In [None]:
!pip install geopandas



In [None]:
import pandas as pd
import numpy as np
import geopandas as gpd
import matplotlib.pyplot as plt

pfas_stats = pd.read_csv('/preprocessing/PFAS_Data.csv')
states = gpd.read_file('/preprocessing/tl_2021/tl_2021_us_state.shp')

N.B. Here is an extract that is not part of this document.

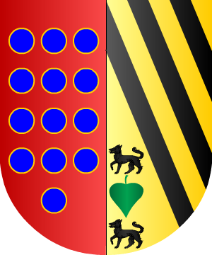 la ventana de la litera, de gules, y la franja y los palos, de oro. Estas armas

def prepare_df_agg(df, column):
    df = df.dropna(subset=[column])
    df = df.sort_values(by=[column], ascending=False)
    df_agg = df.groupby(['city', 'Latitude', 'Longitude']).max()[column].reset_index()
    return df_agg

def prepare_geo_df(df, column):
    df_agg = prepare_df_agg(df, column)
    geo_df = gpd.GeoDataFrame(df_agg, geometry=gpd.points_from_xy(df_agg.Longitude, df_agg.Latitude))
    return geo_df

def plot_socio_df(geo_df, hex_color, socio_column, cblabel, titlelabel, ax=None):
    if ax is None:
        geo_df = prepare_geo_df(geo_df, socio_column)
        plt.ioff()
        states.plot(figsize=(10, 10), color=hex_color, linewidth=1, aspect=1)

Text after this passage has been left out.